The required output is every line from the one containing "C2 Cordless Tire" through the last line of the listing below, copied exactly, pictures excluded.

_DATASET EXCERPT_:
<<<<

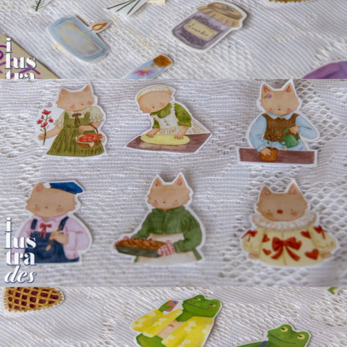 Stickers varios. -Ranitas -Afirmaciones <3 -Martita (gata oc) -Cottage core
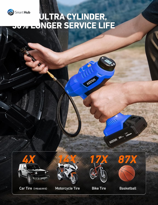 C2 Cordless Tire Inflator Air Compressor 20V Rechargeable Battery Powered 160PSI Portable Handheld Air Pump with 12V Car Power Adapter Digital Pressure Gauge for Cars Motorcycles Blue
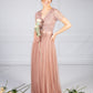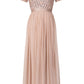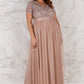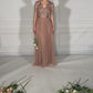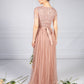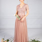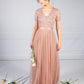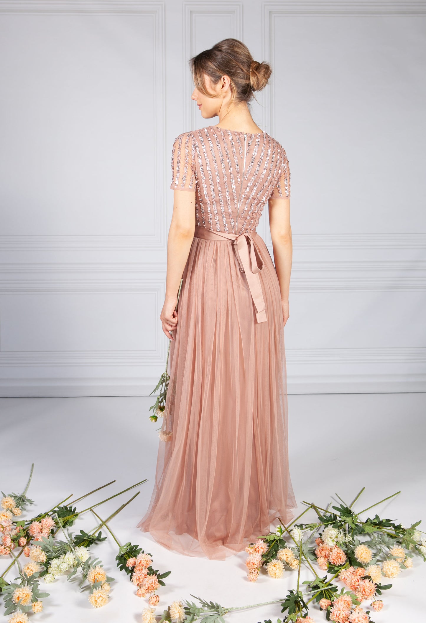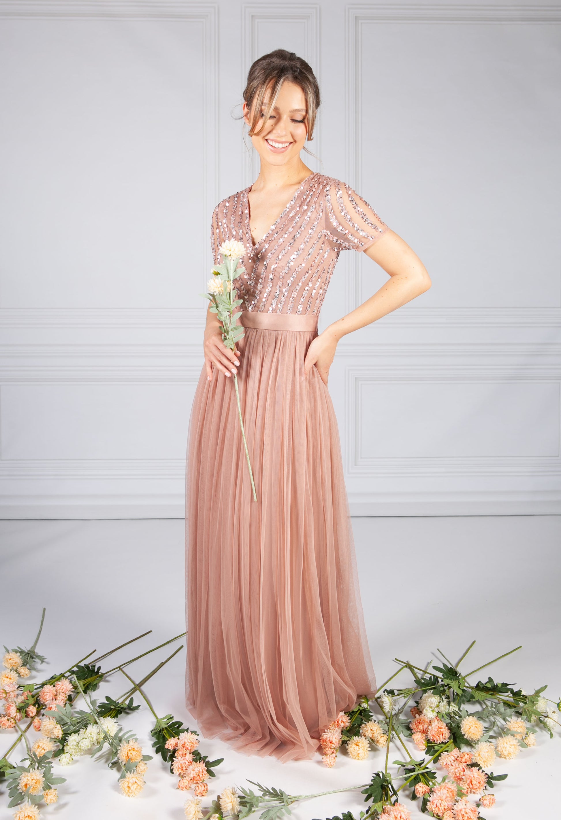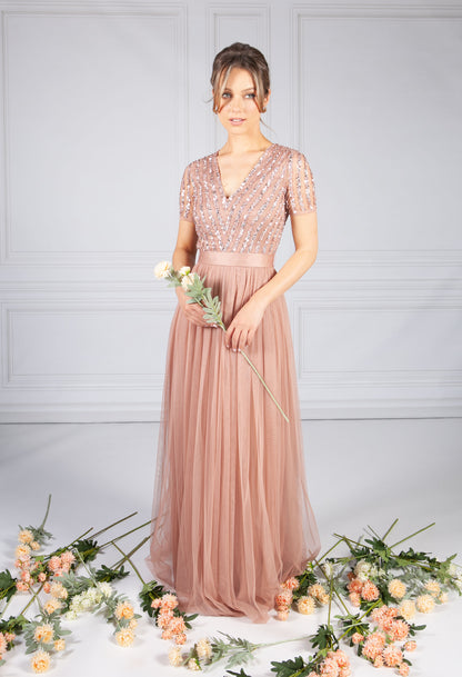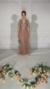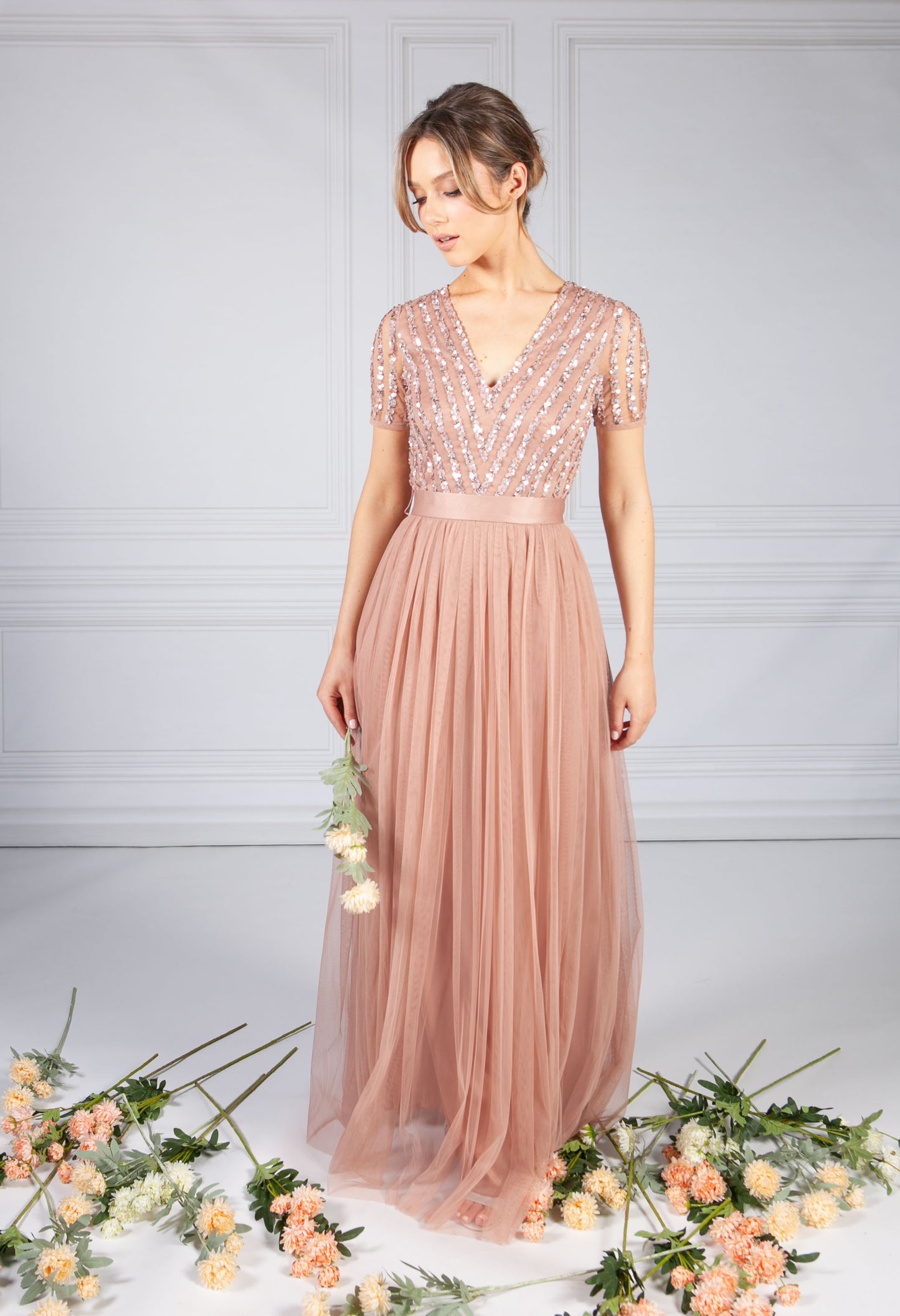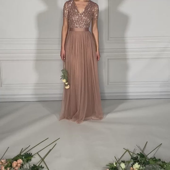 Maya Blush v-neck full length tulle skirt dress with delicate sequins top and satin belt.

>>>>

_WRITTEN RESPONSE_:
 C2 Cordless Tire Inflator Air Compressor 20V Rechargeable Battery Powered 160PSI Portable Handheld Air Pump with 12V Car Power Adapter Digital Pressure Gauge for Cars Motorcycles Blue
 Maya Blush v-neck full length tulle skirt dress with delicate sequins top and satin belt.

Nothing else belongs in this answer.